Retype, exactly as they stand, the lines from the start of the data to the line that contains "首先会向/api/muzzi", both ends included. Leave the pictures out.

------ Given records

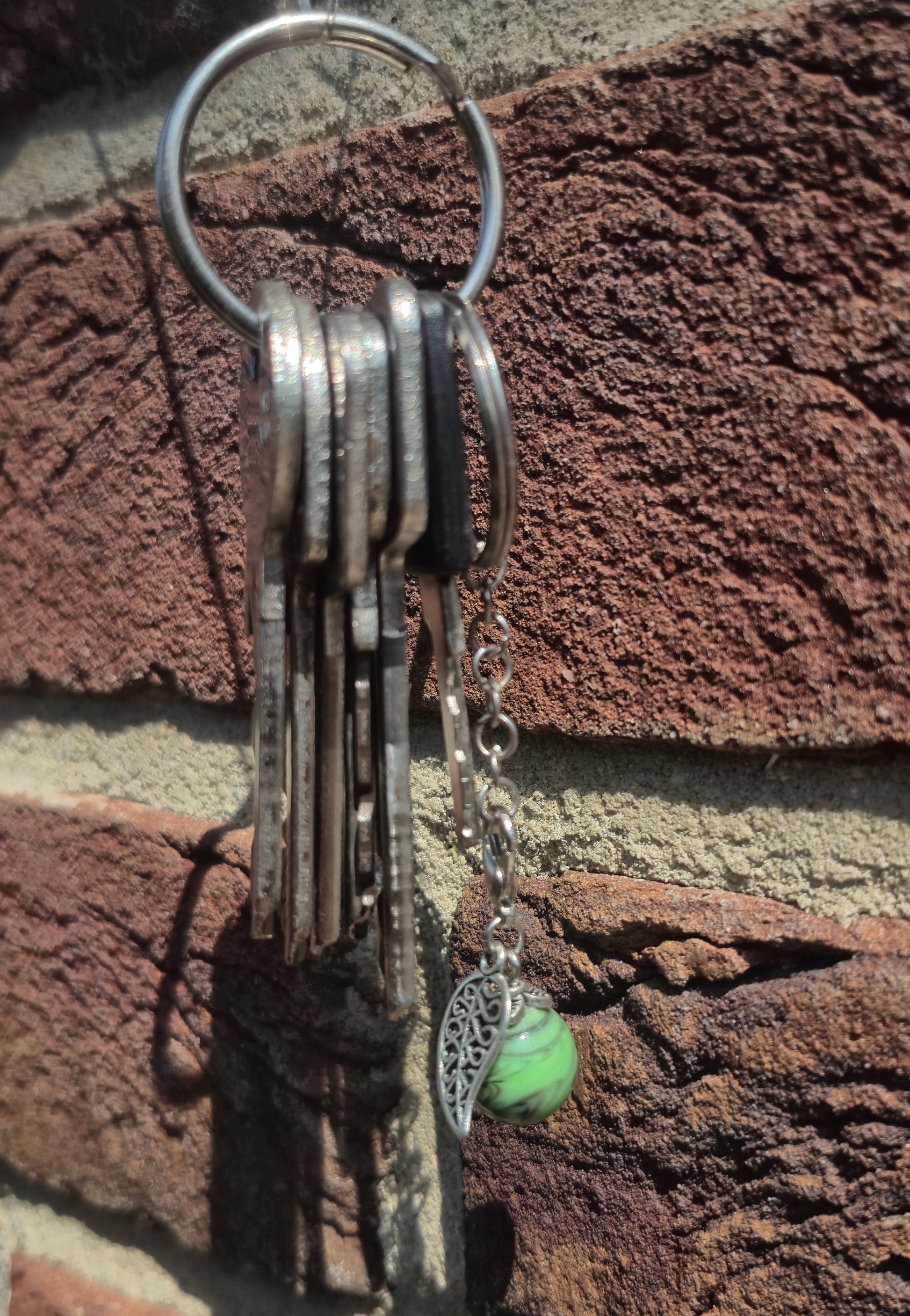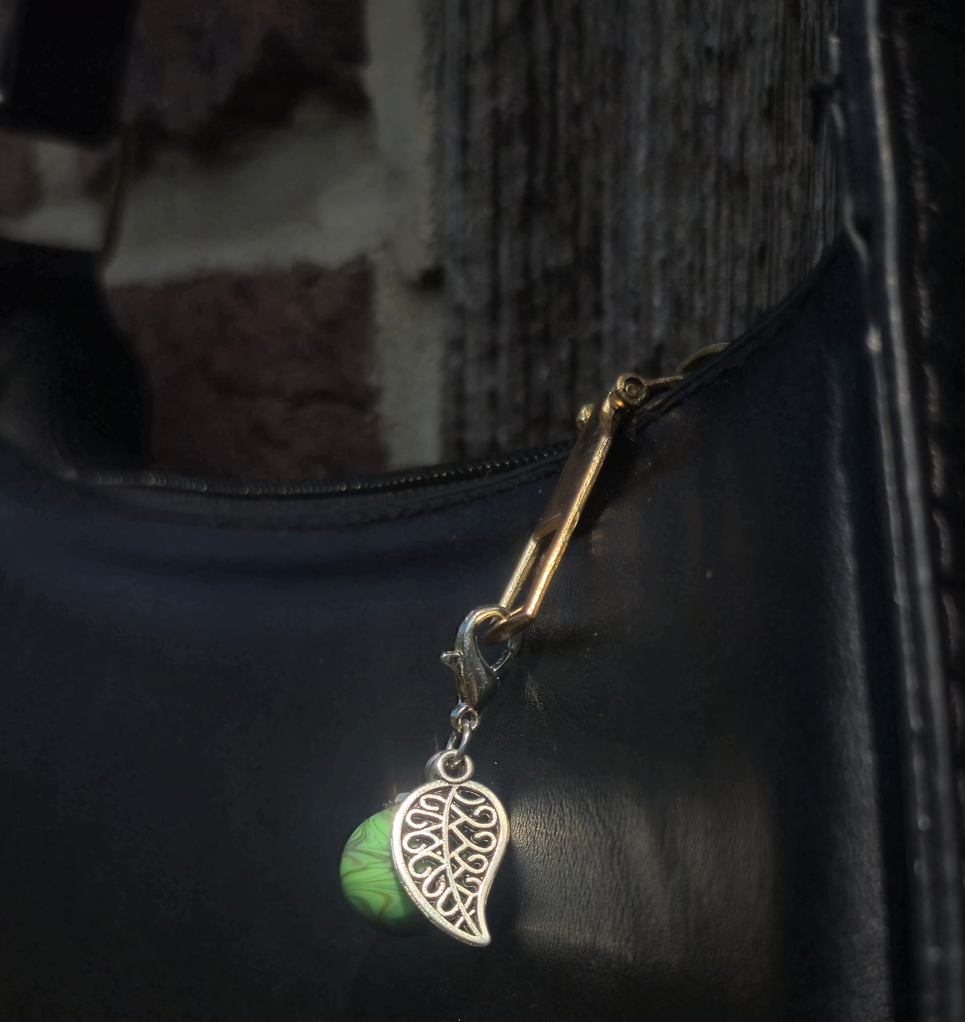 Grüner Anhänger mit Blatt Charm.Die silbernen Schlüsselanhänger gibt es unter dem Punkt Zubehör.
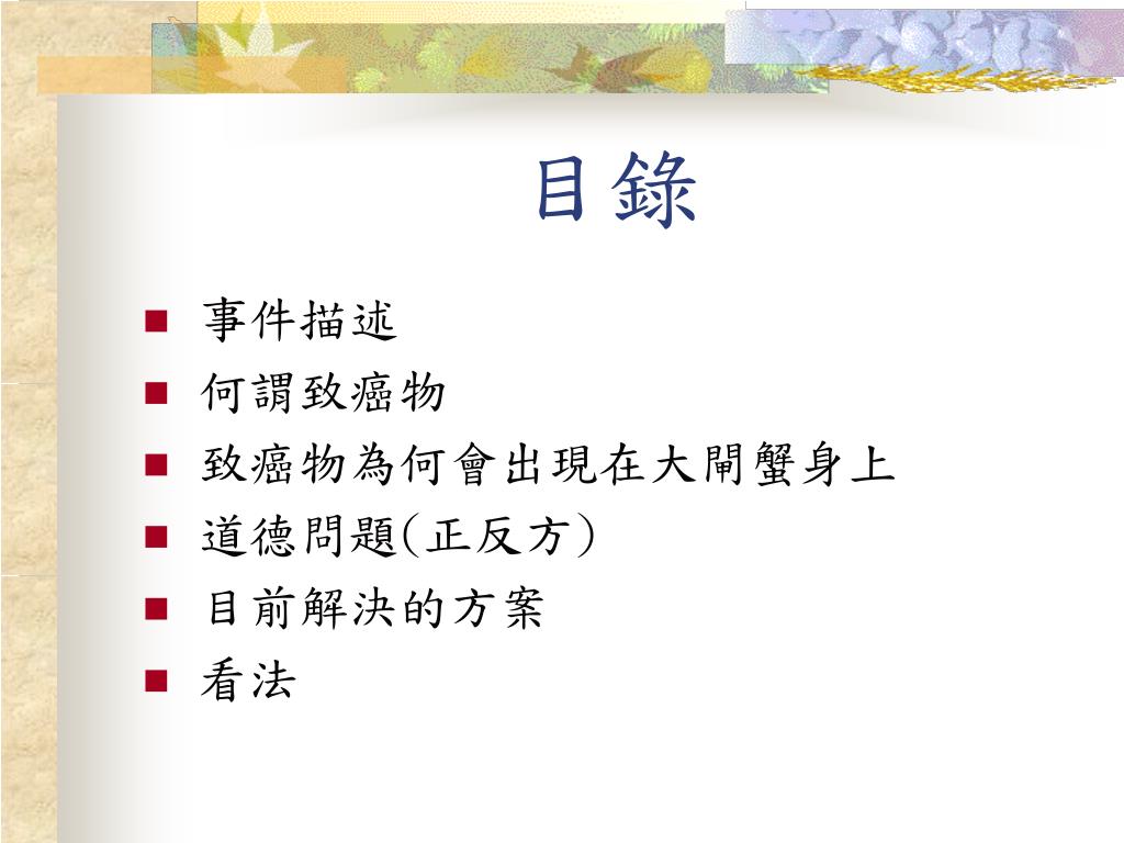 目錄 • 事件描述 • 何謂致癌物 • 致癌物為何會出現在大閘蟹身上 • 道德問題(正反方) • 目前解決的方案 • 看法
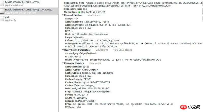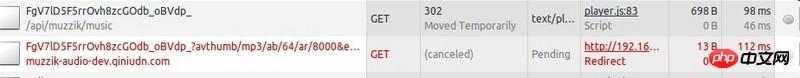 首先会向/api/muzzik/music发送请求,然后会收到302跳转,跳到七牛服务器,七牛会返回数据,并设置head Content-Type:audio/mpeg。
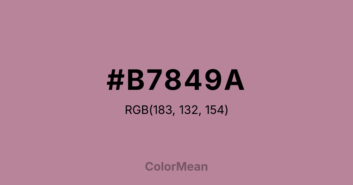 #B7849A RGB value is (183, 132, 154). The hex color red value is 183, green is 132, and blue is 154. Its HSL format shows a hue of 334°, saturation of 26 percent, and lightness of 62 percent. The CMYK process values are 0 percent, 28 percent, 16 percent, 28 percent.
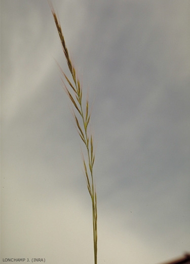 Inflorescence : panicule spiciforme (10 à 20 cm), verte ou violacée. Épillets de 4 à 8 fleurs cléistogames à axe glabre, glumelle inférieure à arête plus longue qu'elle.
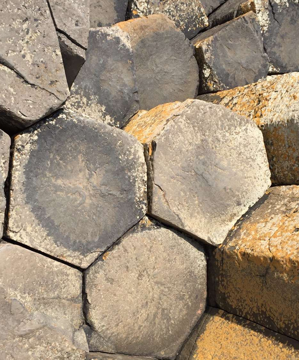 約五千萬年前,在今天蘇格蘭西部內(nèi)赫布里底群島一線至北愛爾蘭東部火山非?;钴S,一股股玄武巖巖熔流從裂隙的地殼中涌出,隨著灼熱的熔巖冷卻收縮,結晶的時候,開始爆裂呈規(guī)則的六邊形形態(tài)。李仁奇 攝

------------

Solution to this problem
 Grüner Anhänger mit Blatt Charm.Die silbernen Schlüsselanhänger gibt es unter dem Punkt Zubehör.
 目錄 • 事件描述 • 何謂致癌物 • 致癌物為何會出現在大閘蟹身上 • 道德問題(正反方) • 目前解決的方案 • 看法
 首先会向/api/muzzik/music发送请求,然后会收到302跳转,跳到七牛服务器,七牛会返回数据,并设置head Content-Type:audio/mpeg。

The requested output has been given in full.